◆ EXTRACTED INFORMATION
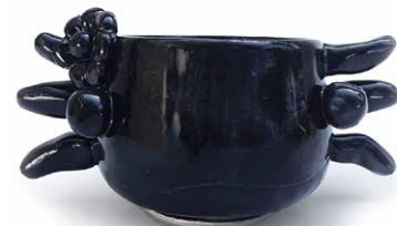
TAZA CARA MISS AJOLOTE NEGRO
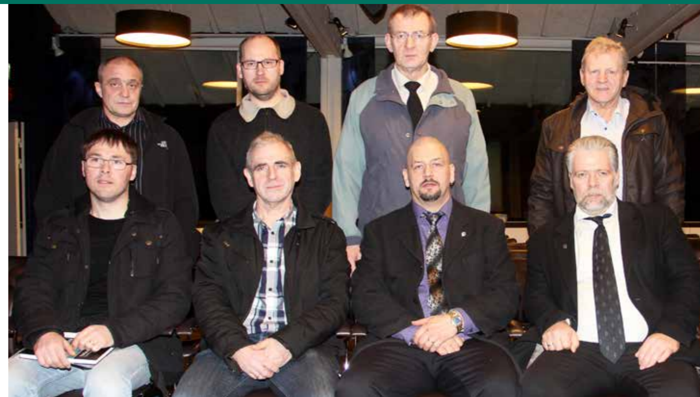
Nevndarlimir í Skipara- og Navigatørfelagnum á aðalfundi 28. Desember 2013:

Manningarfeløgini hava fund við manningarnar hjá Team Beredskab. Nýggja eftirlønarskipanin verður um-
* * *
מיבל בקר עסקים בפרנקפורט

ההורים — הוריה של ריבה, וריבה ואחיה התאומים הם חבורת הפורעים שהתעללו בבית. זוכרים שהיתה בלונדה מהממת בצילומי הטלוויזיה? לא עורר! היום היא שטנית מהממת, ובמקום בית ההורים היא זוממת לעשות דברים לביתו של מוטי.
--
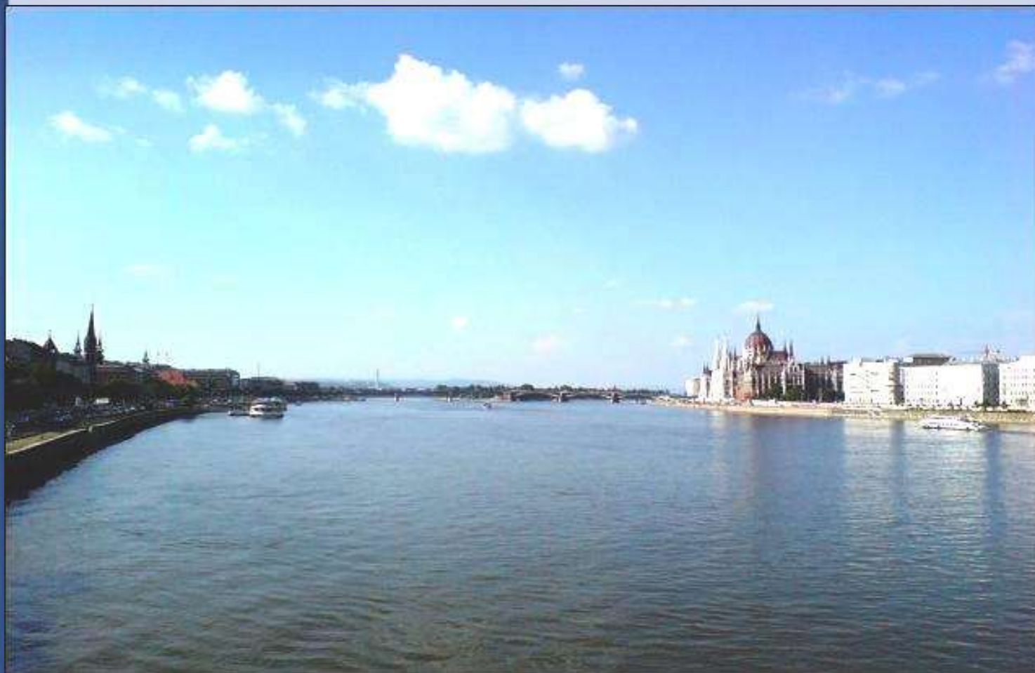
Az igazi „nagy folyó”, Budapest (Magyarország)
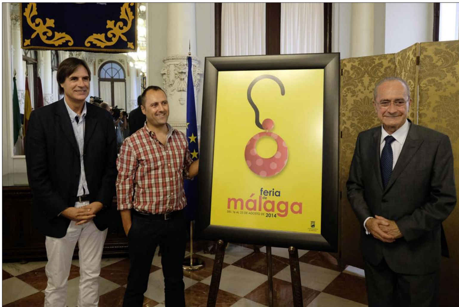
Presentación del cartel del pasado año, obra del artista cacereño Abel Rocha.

◆ TASK TO COMPLETE
All that should be written out is the stretch of lines above between the one holding "מיבל בקר עסקים בפרנקפורט" and the one holding "ההורים — הוריה", inclusive, exactly as given.

◆ RESULT FOR THIS TASK
מיבל בקר עסקים בפרנקפורט

ההורים — הוריה של ריבה, וריבה ואחיה התאומים הם חבורת הפורעים שהתעללו בבית. זוכרים שהיתה בלונדה מהממת בצילומי הטלוויזיה? לא עורר! היום היא שטנית מהממת, ובמקום בית ההורים היא זוממת לעשות דברים לביתו של מוטי.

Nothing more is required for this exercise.